Data extract:
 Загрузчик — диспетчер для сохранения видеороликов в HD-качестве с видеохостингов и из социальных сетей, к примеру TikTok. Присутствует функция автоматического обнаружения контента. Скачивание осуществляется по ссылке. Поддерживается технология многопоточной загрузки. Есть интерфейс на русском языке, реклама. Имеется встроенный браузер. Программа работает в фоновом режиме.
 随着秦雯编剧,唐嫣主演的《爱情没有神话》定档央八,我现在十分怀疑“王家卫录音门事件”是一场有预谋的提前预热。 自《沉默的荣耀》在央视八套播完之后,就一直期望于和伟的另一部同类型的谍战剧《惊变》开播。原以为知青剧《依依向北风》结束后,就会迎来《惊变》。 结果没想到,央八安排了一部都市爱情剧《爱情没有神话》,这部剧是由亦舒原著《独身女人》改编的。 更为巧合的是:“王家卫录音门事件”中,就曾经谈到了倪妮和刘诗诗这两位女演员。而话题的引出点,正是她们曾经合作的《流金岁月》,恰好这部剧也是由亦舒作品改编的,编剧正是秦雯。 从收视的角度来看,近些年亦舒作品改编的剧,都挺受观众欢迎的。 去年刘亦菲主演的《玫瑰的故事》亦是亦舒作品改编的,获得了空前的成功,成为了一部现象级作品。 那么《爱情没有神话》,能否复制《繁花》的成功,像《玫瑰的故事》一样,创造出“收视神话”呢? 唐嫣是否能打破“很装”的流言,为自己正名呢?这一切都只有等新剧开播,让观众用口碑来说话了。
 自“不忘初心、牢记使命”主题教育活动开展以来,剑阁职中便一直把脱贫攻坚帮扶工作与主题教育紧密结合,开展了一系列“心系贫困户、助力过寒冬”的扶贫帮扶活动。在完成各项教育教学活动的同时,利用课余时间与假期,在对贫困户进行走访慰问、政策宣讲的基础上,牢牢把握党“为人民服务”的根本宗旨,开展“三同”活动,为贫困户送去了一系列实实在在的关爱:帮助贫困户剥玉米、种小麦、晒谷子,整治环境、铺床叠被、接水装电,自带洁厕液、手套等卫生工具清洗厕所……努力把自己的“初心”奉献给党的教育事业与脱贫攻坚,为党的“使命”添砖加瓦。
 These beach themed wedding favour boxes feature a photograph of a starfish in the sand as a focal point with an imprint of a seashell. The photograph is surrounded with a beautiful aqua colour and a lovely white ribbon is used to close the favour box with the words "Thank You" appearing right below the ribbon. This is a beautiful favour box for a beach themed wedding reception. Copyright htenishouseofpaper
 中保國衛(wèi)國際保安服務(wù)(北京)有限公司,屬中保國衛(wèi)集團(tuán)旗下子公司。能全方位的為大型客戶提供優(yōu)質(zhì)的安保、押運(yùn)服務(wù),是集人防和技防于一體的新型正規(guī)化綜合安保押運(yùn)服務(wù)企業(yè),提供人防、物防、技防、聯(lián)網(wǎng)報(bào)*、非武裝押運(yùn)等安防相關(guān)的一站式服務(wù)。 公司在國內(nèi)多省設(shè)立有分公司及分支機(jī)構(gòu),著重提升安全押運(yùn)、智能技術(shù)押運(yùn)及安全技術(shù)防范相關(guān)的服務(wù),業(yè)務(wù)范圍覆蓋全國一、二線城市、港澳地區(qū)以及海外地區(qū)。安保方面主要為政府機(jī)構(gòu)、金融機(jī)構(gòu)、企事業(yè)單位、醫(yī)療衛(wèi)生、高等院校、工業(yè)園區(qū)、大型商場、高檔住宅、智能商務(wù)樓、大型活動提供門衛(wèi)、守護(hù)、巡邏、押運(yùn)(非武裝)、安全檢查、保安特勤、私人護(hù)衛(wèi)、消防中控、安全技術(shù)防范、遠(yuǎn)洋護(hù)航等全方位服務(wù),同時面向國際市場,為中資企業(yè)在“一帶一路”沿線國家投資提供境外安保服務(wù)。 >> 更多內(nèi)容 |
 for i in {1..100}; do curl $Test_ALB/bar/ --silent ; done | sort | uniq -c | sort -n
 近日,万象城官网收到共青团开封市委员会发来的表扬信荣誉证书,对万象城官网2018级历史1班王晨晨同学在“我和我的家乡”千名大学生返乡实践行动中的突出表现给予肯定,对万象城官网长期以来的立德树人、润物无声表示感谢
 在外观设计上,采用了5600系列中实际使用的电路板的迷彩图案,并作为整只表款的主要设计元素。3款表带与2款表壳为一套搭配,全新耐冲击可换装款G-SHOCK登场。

---

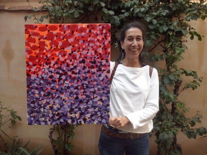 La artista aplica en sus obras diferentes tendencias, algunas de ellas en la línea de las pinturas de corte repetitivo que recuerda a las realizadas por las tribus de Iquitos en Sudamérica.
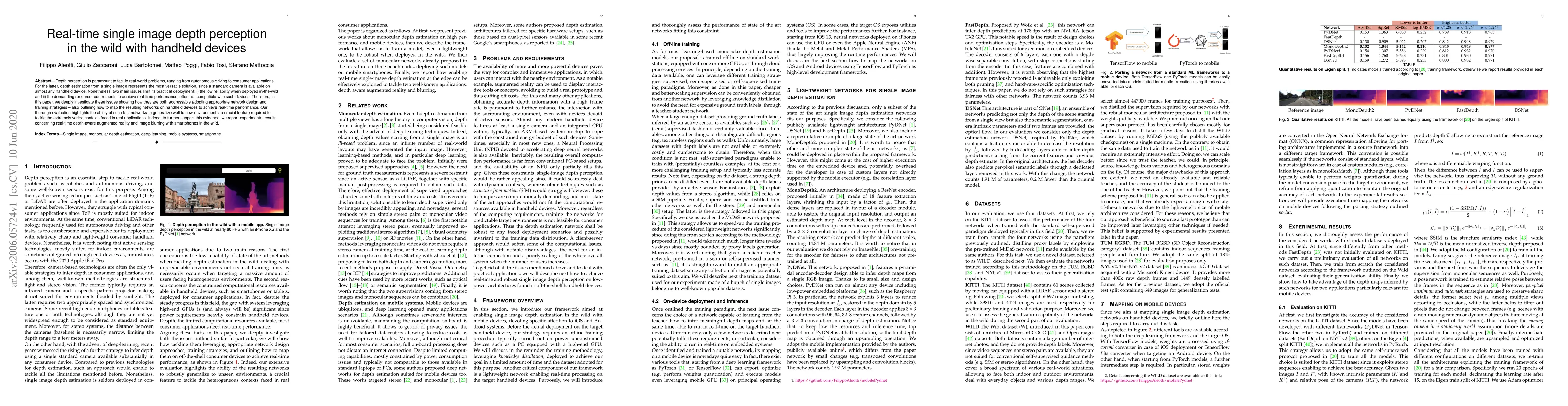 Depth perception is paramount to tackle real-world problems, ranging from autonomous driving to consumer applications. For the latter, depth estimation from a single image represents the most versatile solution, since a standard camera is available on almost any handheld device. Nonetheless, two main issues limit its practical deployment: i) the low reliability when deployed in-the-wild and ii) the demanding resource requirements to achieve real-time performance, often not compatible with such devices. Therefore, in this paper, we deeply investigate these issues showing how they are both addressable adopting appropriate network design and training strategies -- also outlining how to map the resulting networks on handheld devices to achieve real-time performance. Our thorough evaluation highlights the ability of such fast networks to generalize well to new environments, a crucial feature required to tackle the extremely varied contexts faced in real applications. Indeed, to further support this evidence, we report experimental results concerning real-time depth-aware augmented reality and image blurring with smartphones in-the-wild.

Your task:
The entries above hold the needed span. Transcribe exactly the lines from the one with "Загрузчик — диспетчер" to the one with "These beach themed", both included.

Response to this task:
 Загрузчик — диспетчер для сохранения видеороликов в HD-качестве с видеохостингов и из социальных сетей, к примеру TikTok. Присутствует функция автоматического обнаружения контента. Скачивание осуществляется по ссылке. Поддерживается технология многопоточной загрузки. Есть интерфейс на русском языке, реклама. Имеется встроенный браузер. Программа работает в фоновом режиме.
 随着秦雯编剧,唐嫣主演的《爱情没有神话》定档央八,我现在十分怀疑“王家卫录音门事件”是一场有预谋的提前预热。 自《沉默的荣耀》在央视八套播完之后,就一直期望于和伟的另一部同类型的谍战剧《惊变》开播。原以为知青剧《依依向北风》结束后,就会迎来《惊变》。 结果没想到,央八安排了一部都市爱情剧《爱情没有神话》,这部剧是由亦舒原著《独身女人》改编的。 更为巧合的是:“王家卫录音门事件”中,就曾经谈到了倪妮和刘诗诗这两位女演员。而话题的引出点,正是她们曾经合作的《流金岁月》,恰好这部剧也是由亦舒作品改编的,编剧正是秦雯。 从收视的角度来看,近些年亦舒作品改编的剧,都挺受观众欢迎的。 去年刘亦菲主演的《玫瑰的故事》亦是亦舒作品改编的,获得了空前的成功,成为了一部现象级作品。 那么《爱情没有神话》,能否复制《繁花》的成功,像《玫瑰的故事》一样,创造出“收视神话”呢? 唐嫣是否能打破“很装”的流言,为自己正名呢?这一切都只有等新剧开播,让观众用口碑来说话了。
 自“不忘初心、牢记使命”主题教育活动开展以来,剑阁职中便一直把脱贫攻坚帮扶工作与主题教育紧密结合,开展了一系列“心系贫困户、助力过寒冬”的扶贫帮扶活动。在完成各项教育教学活动的同时,利用课余时间与假期,在对贫困户进行走访慰问、政策宣讲的基础上,牢牢把握党“为人民服务”的根本宗旨,开展“三同”活动,为贫困户送去了一系列实实在在的关爱:帮助贫困户剥玉米、种小麦、晒谷子,整治环境、铺床叠被、接水装电,自带洁厕液、手套等卫生工具清洗厕所……努力把自己的“初心”奉献给党的教育事业与脱贫攻坚,为党的“使命”添砖加瓦。
 These beach themed wedding favour boxes feature a photograph of a starfish in the sand as a focal point with an imprint of a seashell. The photograph is surrounded with a beautiful aqua colour and a lovely white ribbon is used to close the favour box with the words "Thank You" appearing right below the ribbon. This is a beautiful favour box for a beach themed wedding reception. Copyright htenishouseofpaper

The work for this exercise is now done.